I shook away the clammy feeling that gripped me whenever I remembered my previous job. It wasn’t that I regretted it. I still held to the belief that one was innocent until proven guilty and good people could be blamed for horrific things. Those good people had needed lawyers like me. But in my experience, those clients had been few and far between. And my bosses at my previous law firm didn’t care about guilt. They cared about one thing: cold, hard cash. And the worst of humanity typically had lots of it. Eventually I could no longer stomach enabling the guilty to go free and I’d walked away.

Thankfully, that was when I’d found Aurora’s Girls. I’d been so broken. In a relationship with a man who had emotionally torn me apart, I had literally felt like the scum of the earth. I’d felt that his abuse was my just deserts for what I’d done in my career. But somehow Susie saw beyond my scars. Or maybe she’d welcomed me because of them. Either way, I now spent each and every day atoning for my past. Bit by bit, I was making the world a better place with my one superpower: my knowledge of the law.

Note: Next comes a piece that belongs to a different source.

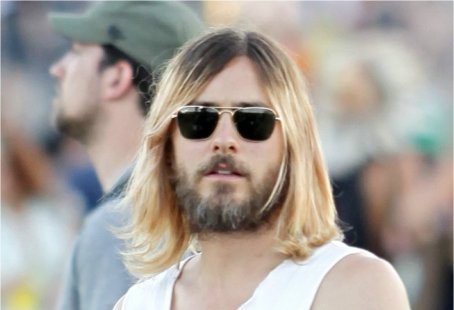 The bathroom is long, like a bar, and hooks at the end into a toilet and a mirror. That’s where I find Jared. He wears a beard and tiny jeans, which hang loosely on his gaunt frame. Jared Leto is an old man now. He’s sinewy and his eccentricities make him look less like a heartthrob and more like a deranged cult leader.
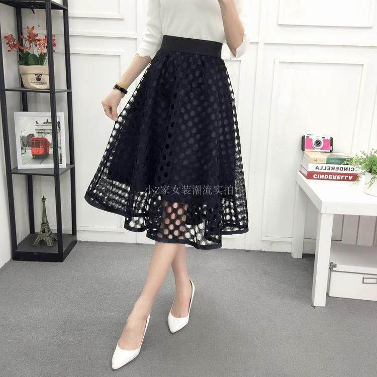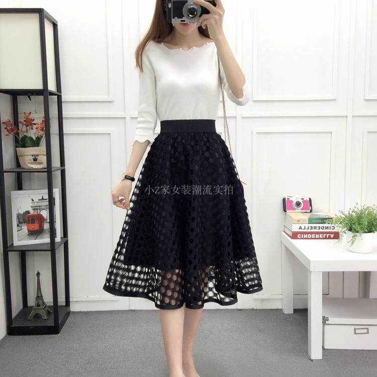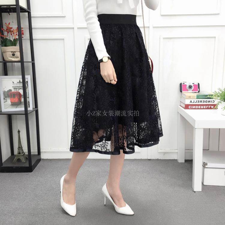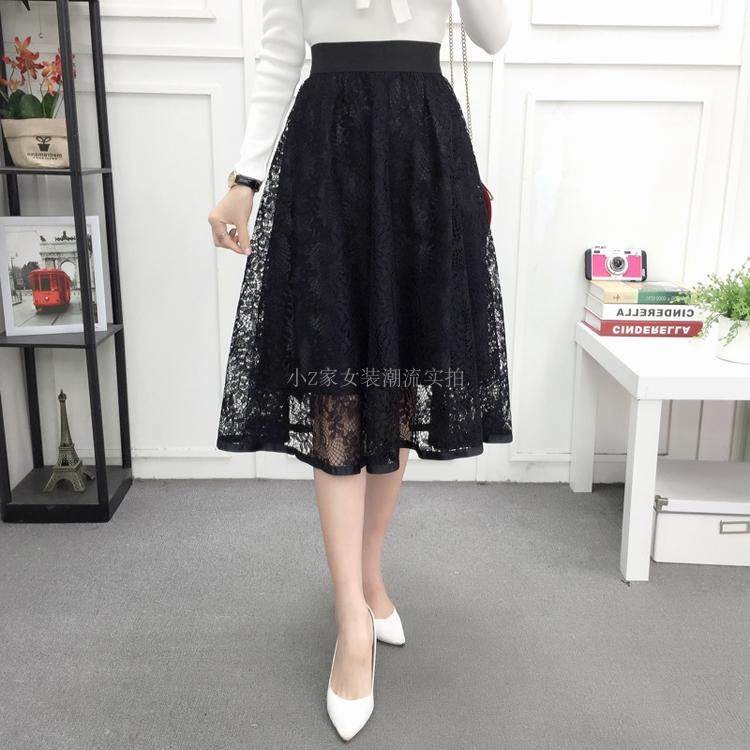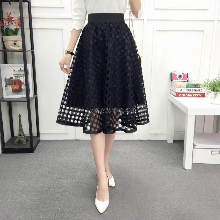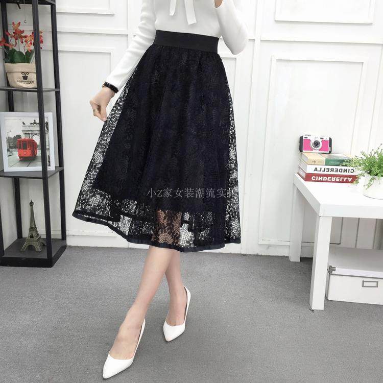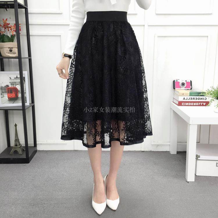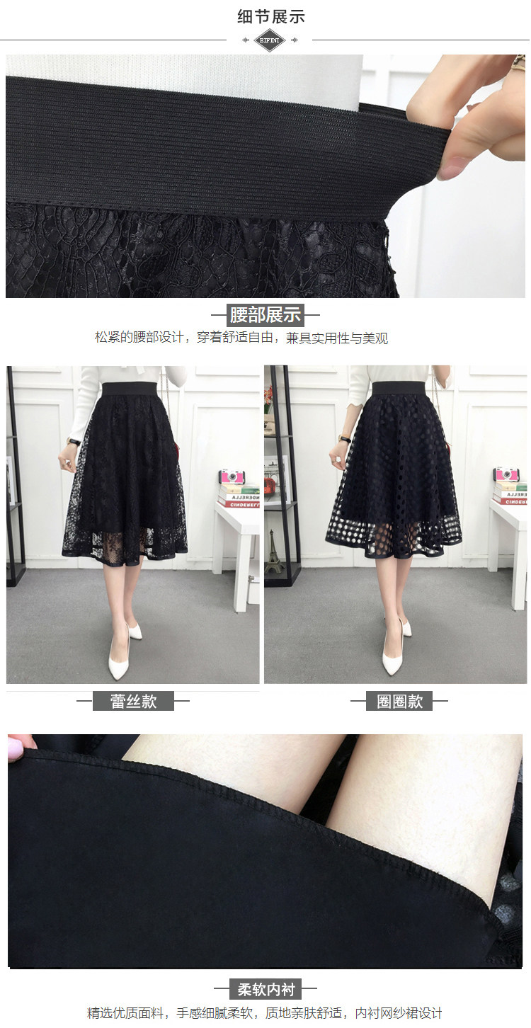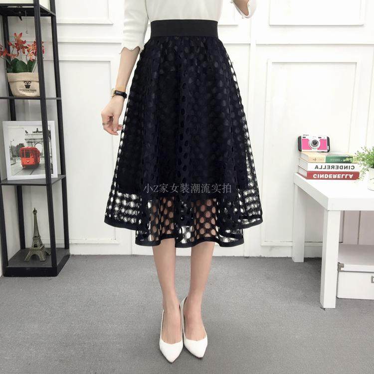 新款百褶网纱蕾丝半身裙中长款纱裙女韩版百搭高腰显瘦a字打底裙

My past career, although full of moral potholes, could at least be helpful in moments like this. The bar would have been a bust. We’d known we only had time to investigate one location, and the cops had the same clues we had. We knew they’d have men on both scenes soon, so we just hoped that their manpower would be limited at two in the morning and they could only check one locale at a time. I leaned forward to glance at the GPS on Shai’s phone even though I’d checked it just seconds ago. Five minutes. We should get to the laundromat in five minutes. If we got there and found it was blocked off as well . . .

My stomach clenched. That couldn’t happen. These were our only clues, and Aria’s trail had gone cold. Clearly, these guys were professionals and had done all they could to cover their tracks. The fact that we had anything was a miracle, one we were clinging to.

Ella pulled her phone out of her pocket and frowned at the screen. We all knew better than to have ringers turned up while we were working. Our jobs demanded stealth, and there was no simpler way to get caught than the untimely ringing of a phone.

“It’s a number I don’t recognize,” Ella said. She showed the screen to me as if I would somehow know who was calling her.

I shrugged. I hadn’t memorized a phone number since I was six and my parents drilled my own home phone number into me.

“Answer it,” Shai demanded from the driver’s seat without taking her eyes off the road as she hurtled around another corner.

She was right. The call could be a telemarketer or it could be another clue. Even the tiniest chance of information meant Ella had to answer.

“Hello?” she said within seconds of Shai’s demand.

“Ella?” I heard a female voice respond. It sounded familiar but I couldn’t quite place it.

“Speaking,” Ella said, scooting close to me in the backseat and holding her phone a couple of inches from her ear so that I could easily overhear the other end of the call.